Several studies have demonstrated that DM1 patients show a selective impairment in cognitive functioning, particularly in attentional, visuo-spatial, and executive domains (Meola et al., 2003, Winblad et al., 2010); the existence of a “DM1-related-dysexecutive-syndrome” has been already proposed (Meola and Sansone, 2007). Intelligence assessment documented an IQ below average in the DM1 population as compared to healthy subjects, with no clear evidence of a progressive decline (Meola and Sansone, 2007, Jean et al., 2014).
Beside cognitive impairments, in DM1 patients neuropsychiatric comorbidities are frequently reported with variable pathologic behavioural patterns: lack of interest (apathetic behaviour), a decreased emotional participation and an increased irritability are the main clinical features, defined by some authors as “an emotional imbalance” (Meola and Sansone, 2007, Laberge et al., 2013); moreover, a high prevalence of dysfunctional personality has been described (Meola et al., 2003, Winblad et al., 2010, Sistiaga et al., 2010).
Previous studies have documented brain abnormalities in DM1 through different imaging techniques and investigated their relationship with cognitive impairment without reaching univocal conclusions. Voxel-based morphometry (VBM) technique showed grey matter (GM) atrophy in several regions of temporal and frontal lobes, hippocampi and thalami (Weber et al., 2010, Minnerop et al., 2011, Schneider-Gold et al., 2015); some studies revealed non-specific pathological findings such as ventricular enlargement and white matter (WM) hyperintensities in different cerebral lobes (Minnerop et al., 2011, Romeo et al., 2010); single photon emission tomography and PET studies demonstrated hypoperfusion and glucose hypometabolism of frontal and temporal lobes (Weber et al., 2010, Meola et al., 1999).
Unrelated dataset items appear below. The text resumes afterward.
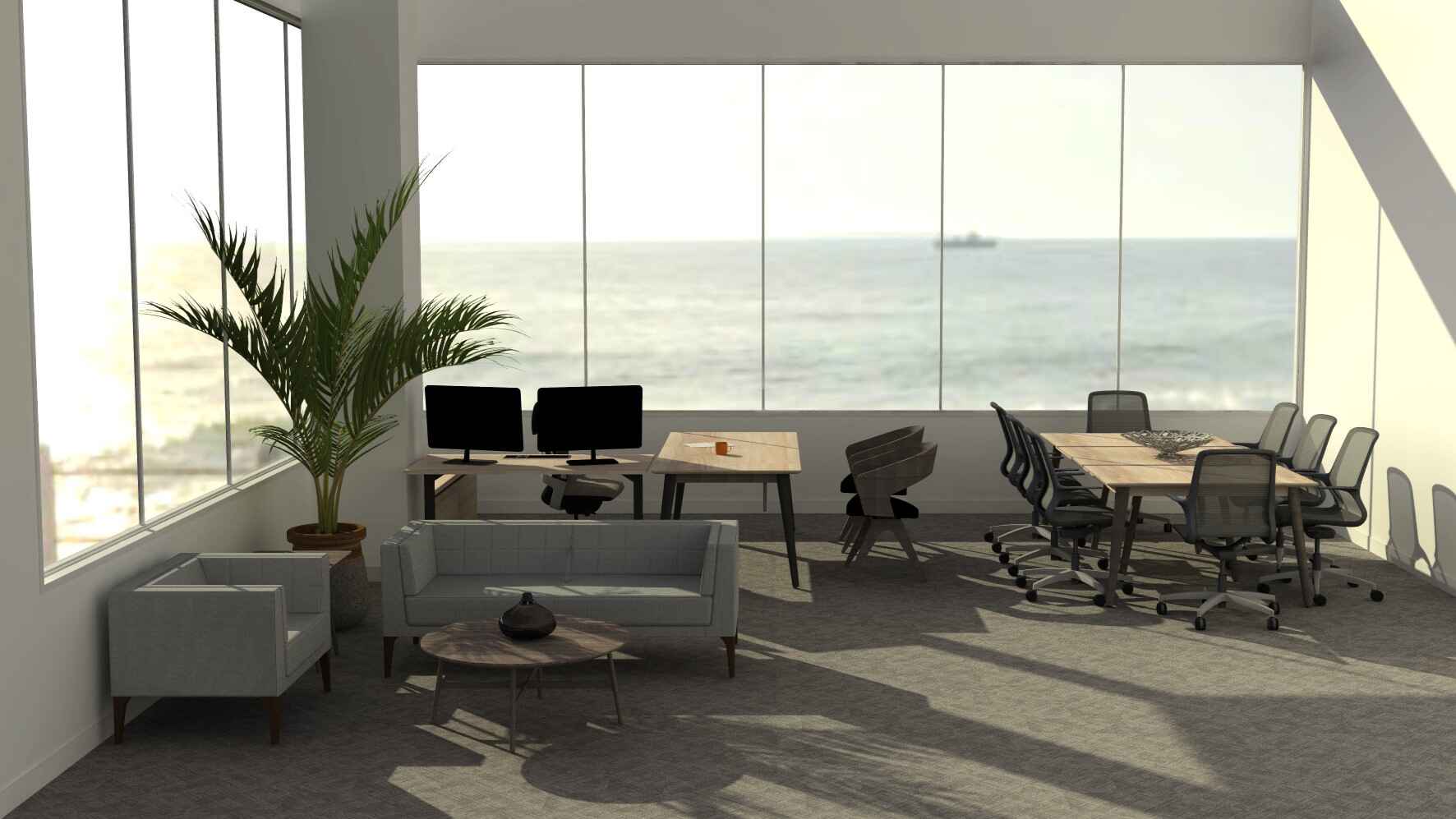 – Low panels low allows the team to enjoy the natural daylight and incredible views! Tripod shape adds interest to the space
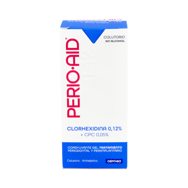 Perio-Aid Tratamiento colutorio 0,12% clorhexidina 150ml es un antiséptico bucal especialmente indicado para mantener nuestras encías y dientes limpias y protegidas. Con una composición a base de Clorhexidina y cloruro de cetilpiridinio, Perio-Aid colutorio mantiene las encías y dientes sanos, evitando las enfermedades periodontales y periimplantarias.
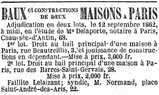 Est-ce le même Lelaizant dont la maison de négoce sise rue des Barres-Saint-Gervais fit faillite en juillet 1862 ? [15] En tout cas, dès septembre, Bouvet met en vente par adjudication et mise à prix de 3000 francs le droit au bail principal de sa maison de la rue Beautreillis, avec « jouissance de constructions en dépendant »[16].
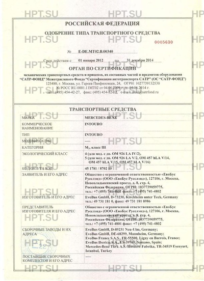 | Предприятие-изготовитель | EvoBus GmbH, DЕ-73230, Kirchheim unter Teck, Germany, тел.: 49 731 181 0, факс: 49 731 181 8986 |
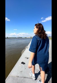 • Robe chemise en denim à manches courtes, avec des boutons à l'avant et des poches. Cheveux ondulés, portant des lunettes de soleil à verres jaunes, tenant un sac à cordon gris.
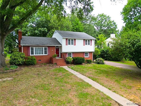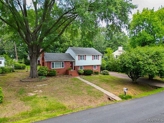 Welcome to this beautiful 4 bedroom, 2 full bath home in Skipwith Heights subdivision! When you enter the home you are greeted by the large living room with a brick fireplace and hardwood floors which is open to the dining room with crown and chair molding. The dining room flows into the kitchen, which consists of an island, granite countertops, updated cabinets, and stainless steel appliances. On the lower level you have a huge family room with laminate wood floors which creates another space for easy entertaining! Also on the lower level, is a bedroom with tile flooring and a closet, a full bathroom, and a large utility room. The top floor consists of three nice-sized bedrooms, all with hardwood floors, closet space, and easy access to the full bathroom with original black and white tile floors and surround. Other great features of this home include a heat pump/central air, an architectural shingle roof, low maintenance brick and vinyl siding, a private fenced yard, and a paved driveway. You will love this home's close proximity to shopping, schools, restaurants, and interstates.
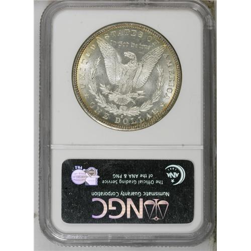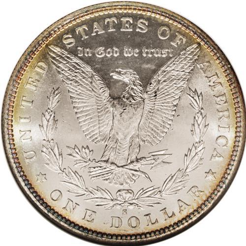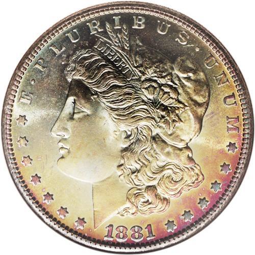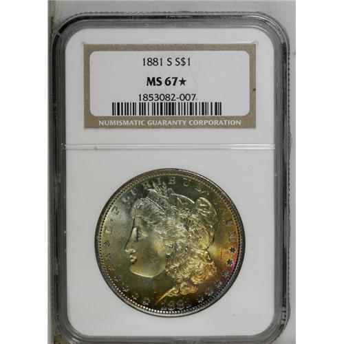 <B>1881-S S$1 MS67 <img border='0' src='http://www.heritagecoins.com/images/star.gif' width=10 height=10> NGC.</B></I> This coin received the coveted <img border='0' src='http://www.heritagecoins.com/images/star.gif' width=10 height=10> designation from NGC for its exceptional eye appeal. The fields on both sides are reflective and virtually free of any blemishes. A few hidden marks are noted among the devices. The obverse has vivid turquoise, gold, orange, and lilac toning across the entire surface, while the reverse is framed by peripheral gold.<BR><BR><b>Shipping:</b> Coin/Currency (<a target="_blank" href="http://www.heritageauctions.com/common/shipping.php">view shipping information</a>)

Recent studies adopting tractography evaluation (Minnerop et al., 2011, Wozniak et al., 2014) provide data showing microstructural WM damage in interhemispheric, corticospinal and limbic pathways and in frontal, temporal, parietal and occipital lobes. To date, only one study demonstrates that brain atrophy and white matter involvement are progressive over time in DM1 (Conforti et al., 2016).
Although considerable structural CNS involvement on one hand and cognitive deficits on the other hand have been detected in DM1, only few studies investigate their relationship. Some studies have found significant correlations between MR imaging features and neuropsychological profiles (Weber et al., 2010, Wozniak et al., 2014, Caso et al., 2014), while others did not (Minnerop et al., 2011, Romeo et al., 2010).
To this purpose we investigated the structural alterations of GM and WM in a sample of adult-onset DM1 patients and evaluated their relationship with clinical and cognitive variables.
2. Material and methods
Thirty patients (24 males, 6 females; mean age 44.6 ± 12.4 years; age range 24–67 years) with clinical and genetic diagnosis of adult form of DM1, according the International Consortium for myotonic dystrophies guidelines (IDMC, 2000), were consecutively recruited at Neurological clinic of University of Pisa. Exclusion criteria were mental retardation (IQ < 70), severe visual impairment, psychiatric illness and a history of substances abuse. None of the patients presented motor or coordination disability sufficient to account for possible delay in any of the neuropsychological tests administered. Patients were grouped on the basis of the number of [CTG]n expansions: 12 patients (40%) were classified as E1 (< 150 [CTG]n) and 18 patients (60%) as E2 (150–1000 [CTG]n). The mean disease duration from symptoms onset to the MRI examination was 16.5 ± 11.8 years, while age at onset was 29.0 ± 12.0 years. Patients' mean educational level was 11.3 ± 3.4 years.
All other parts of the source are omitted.